Today, GPT-4 boasts over 1 trillion parameters. This big increase presents a challenge: as models grow, so do their memory requirements, often surpassing the capacity of advanced hardware accelerators such as GPUs.

This growing demand for memory limits both the training and hosting of the models for inference, consequently restricting the accessibility and adoption of LLM-based solutions.

This growth leads to a pressing need to make these models more accessible by reducing their size. By changing the precision of some components of the model, quantization reduces the model’s memory footprint while maintaining similar performance levels.

## What is Quantization?

Quantization is a model compression technique that converts the weights and activations within a large language model from high-precision values to lower-precision ones. This means changing data from a type that can hold more information to one that holds less. A typical example is converting data from a 32-bit floating-point number to an 8-bit integer.

Reducing the number of bits required for each of the model’s weights or activations leads to a significant decrease in its overall size. Consequently, quantization shrinks LLMs to consume less memory, require less storage space, and make them more energy-efficient.

An effective analogy for understanding quantization is image compression. High-resolution images are often compressed for use on websites. This involves reducing the size of the image by removing some data or bits of information. While this typically lowers the image quality to some extent, it also decreases the image dimensions and file size, making web pages load faster while still providing a satisfactory visual experience.
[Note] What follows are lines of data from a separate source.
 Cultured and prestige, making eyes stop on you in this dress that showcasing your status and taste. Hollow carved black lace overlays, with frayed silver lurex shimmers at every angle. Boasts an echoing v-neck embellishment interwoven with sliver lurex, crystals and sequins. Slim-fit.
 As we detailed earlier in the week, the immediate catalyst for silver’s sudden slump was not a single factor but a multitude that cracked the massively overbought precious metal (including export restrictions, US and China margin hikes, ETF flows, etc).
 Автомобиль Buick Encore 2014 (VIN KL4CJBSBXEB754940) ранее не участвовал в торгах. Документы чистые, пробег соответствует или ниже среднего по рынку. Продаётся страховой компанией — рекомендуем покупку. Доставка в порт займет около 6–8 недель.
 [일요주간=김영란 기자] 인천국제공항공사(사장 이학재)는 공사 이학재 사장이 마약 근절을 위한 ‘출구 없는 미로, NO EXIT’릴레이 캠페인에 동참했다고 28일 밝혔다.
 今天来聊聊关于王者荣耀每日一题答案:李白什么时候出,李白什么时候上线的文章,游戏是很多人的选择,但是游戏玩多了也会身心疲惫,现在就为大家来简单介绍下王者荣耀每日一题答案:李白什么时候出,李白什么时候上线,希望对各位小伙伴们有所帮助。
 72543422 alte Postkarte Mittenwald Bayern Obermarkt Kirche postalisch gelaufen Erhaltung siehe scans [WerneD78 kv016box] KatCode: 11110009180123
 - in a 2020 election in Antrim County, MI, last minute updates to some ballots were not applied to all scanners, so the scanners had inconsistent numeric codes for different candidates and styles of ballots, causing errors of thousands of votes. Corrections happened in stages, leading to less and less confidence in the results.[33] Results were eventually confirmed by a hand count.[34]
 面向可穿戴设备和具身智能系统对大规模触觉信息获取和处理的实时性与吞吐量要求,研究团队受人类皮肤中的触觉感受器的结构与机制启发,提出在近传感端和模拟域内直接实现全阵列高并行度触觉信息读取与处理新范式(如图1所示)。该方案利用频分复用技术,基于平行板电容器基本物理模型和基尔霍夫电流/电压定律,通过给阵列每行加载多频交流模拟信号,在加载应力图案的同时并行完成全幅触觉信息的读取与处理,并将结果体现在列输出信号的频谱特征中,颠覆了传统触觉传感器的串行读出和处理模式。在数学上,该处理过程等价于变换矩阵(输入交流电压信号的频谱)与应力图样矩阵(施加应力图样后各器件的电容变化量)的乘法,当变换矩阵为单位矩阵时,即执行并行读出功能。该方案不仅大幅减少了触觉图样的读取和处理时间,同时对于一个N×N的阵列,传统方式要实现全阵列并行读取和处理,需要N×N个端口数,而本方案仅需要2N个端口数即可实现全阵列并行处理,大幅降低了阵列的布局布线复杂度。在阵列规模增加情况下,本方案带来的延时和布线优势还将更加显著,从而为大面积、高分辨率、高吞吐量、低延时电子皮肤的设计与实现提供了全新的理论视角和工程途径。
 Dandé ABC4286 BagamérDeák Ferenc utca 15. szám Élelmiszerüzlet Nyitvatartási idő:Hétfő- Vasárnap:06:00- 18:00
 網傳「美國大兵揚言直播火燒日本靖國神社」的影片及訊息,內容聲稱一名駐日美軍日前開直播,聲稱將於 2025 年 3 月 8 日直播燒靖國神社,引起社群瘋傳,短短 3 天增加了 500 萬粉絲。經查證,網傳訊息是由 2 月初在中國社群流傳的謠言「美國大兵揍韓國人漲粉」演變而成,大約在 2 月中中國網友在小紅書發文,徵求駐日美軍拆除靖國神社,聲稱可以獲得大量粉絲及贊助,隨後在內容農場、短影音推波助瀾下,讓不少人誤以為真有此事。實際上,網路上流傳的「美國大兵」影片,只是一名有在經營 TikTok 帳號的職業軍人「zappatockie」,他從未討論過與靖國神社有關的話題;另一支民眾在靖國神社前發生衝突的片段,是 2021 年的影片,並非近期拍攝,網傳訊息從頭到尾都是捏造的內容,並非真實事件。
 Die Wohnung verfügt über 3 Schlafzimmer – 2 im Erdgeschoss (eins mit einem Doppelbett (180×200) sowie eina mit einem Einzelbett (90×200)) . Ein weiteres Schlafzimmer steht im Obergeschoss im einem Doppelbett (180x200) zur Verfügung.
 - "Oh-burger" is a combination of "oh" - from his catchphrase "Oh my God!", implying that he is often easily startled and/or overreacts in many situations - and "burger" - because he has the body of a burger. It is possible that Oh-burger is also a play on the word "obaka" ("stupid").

*Schema of image compression for faster loading in applications such as webpages.*

Similarly, quantizing an LLM reduces its computational requirements, allowing it to run on less powerful hardware while still delivering adequate performance. Compressed images are easier to handle, just as quantized models are more deployable across various platforms, though there is a slight trade-off in detail or precision. As we will see, the quantization process also introduces some noise.

## Theory of Quantization

Quantization is normally applied to the weights of a large language model, although it can also be applied to the activations. Model weights are parameters in a neural network that determine the strength of connections between neurons across different layers. Weights are essentially the learned coefficients that transform input data as it passes through the network.

Weights are initially set to random, meaningless values and adjusted during training based on the error between the predicted output and the actual targets. This adjustment process is guided by optimization algorithms such as gradient descent.

If you want to know more about the internals of LLMs, the course Developing Large Language Models is for you!

One option for quantizing a model is reducing the precision of its model weights. To illustrate that, let’s focus on the matrix on the left in the image below, which represents a 3x3 matrix of weights with four-decimal precision:

Example of a random matrix of weights with four-decimal precision (left) with its quantized form (right) by applying rounding to one-decimal precision.

On the matrix on the right, we can observe the quantized version of the original matrix. This “quantized” matrix is computed by rounding the elements of the original matrix to one decimal.

We can observe that the matrices above are not completely equal but are very similar. The value-by-value difference is known as quantization error, which we can also represent in matrix form:

Quantization error in matrix from. The darker the color, the higher the error.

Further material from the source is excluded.